Practical Takeaways for Studying and Analysis

  • When approaching a myth in film or text:
    • Identify the core values or messages the story communicates.
    • Note how the narrative structure aligns with or diverges from Campbell’s monomyth (birth, departure, trials, return).
    • Examine how modern filmmakers translate ancient motifs (hero archetypes, trials, mentors) into contemporary contexts.
    • Consider the role of an audience’s cultural background in interpreting mythic messages.
    • Distinguish between entertainment value and ethical/psychological insights the myth may offer.
  • Time and transmission considerations should guide reading strategies: know when the source material was created, how it was preserved, and how later retellings may have altered meanings.
  • For the course assignments and discussions:
    • Expect readings from Thompson and other sources that discuss myth theory, structuralism, and hero myths.
    • Be prepared to discuss how myth translates across media (print, cinema, theatre) and what a modern filmmaker aims to convey through mythic adaptation.

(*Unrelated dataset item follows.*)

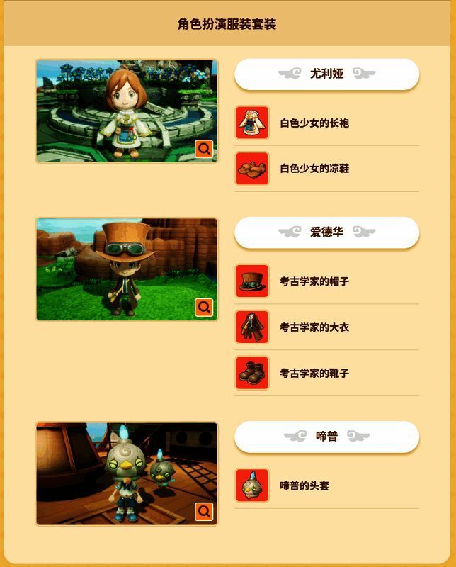 角色扮演服装套装:尤利娅套装、爱德华考古学家套装、啼普(单个头套);

Quick Reference: Key Terms and Names Mentioned

  • Myth vs Legend vs Fairy Tale vs Folktale
  • Hesiod, Homer – classical Greek authors who shaped myth; writing around 700 BCE about earlier events
  • Dark Age (Greek context) – period of cultural disruption before the classical revival
  • Zeus, Helios, Selene – Greek gods referenced in discussions of mythic explanation for natural phenomena
  • Anubis – jackal-headed figure associated with the weighing of hearts in the afterlife scene
  • The weighing of the heart against a feather – heart heavy leads to punishment; light heart allows entry to the afterlife
  • Prometheus – myth used to illustrate rituals and human cunning
  • Gilgamesh, Achilles, Odysseus, Aeneas – classic heroes often cited in discussions of hero myths
  • Inkyu – Gilgamesh’s companion (correct spelling varies in texts)
  • Joseph Campbell – scholar of comparative myth; author of The Hero with a Thousand Faces; concept of the monomyth
  • The Hero’s Journey/Monomyth – a generalized template of hero myths across cultures
  • Alfred Lord (Alfred North Whitehead? Not exactly; referenced as contributor to comparative myth approaches) – context indicates discussion of comparative approaches
  • Levi-Strauss – structuralist anthropologist linking myths through shared mental structures
  • Carl Jung– not explicitly mentioned, but often associated with myth interpretation in this tradition (note: not in transcript; mentioned for context of structuralism and myth analysis)
  • Star Wars – modern example used to illustrate Campbell’s monomyth in popular culture
  • No Country for Old Men – modern work mentioned as a potential example of myth-influenced storytelling in contemporary cinema

Next Steps for Students

  • Read Thompson and related course readings to deepen understanding of myth theory, especially the ideas about drama, myth interpretation, and the relationship between ancient narratives and modern storytelling.
  • Prepare for a discussion on how to analyze film in terms of myth and drama: what counts as evidence of mythic translation, what to look for in characterization, arc, and symbolic meaning.
  • Reflect on how your own writing could translate ancient myths into modern contexts, using the discussed frameworks as tools for analysis and creation.
  • Monitor Canvas for slide notes and supplementary articles that expand on the theories introduced above.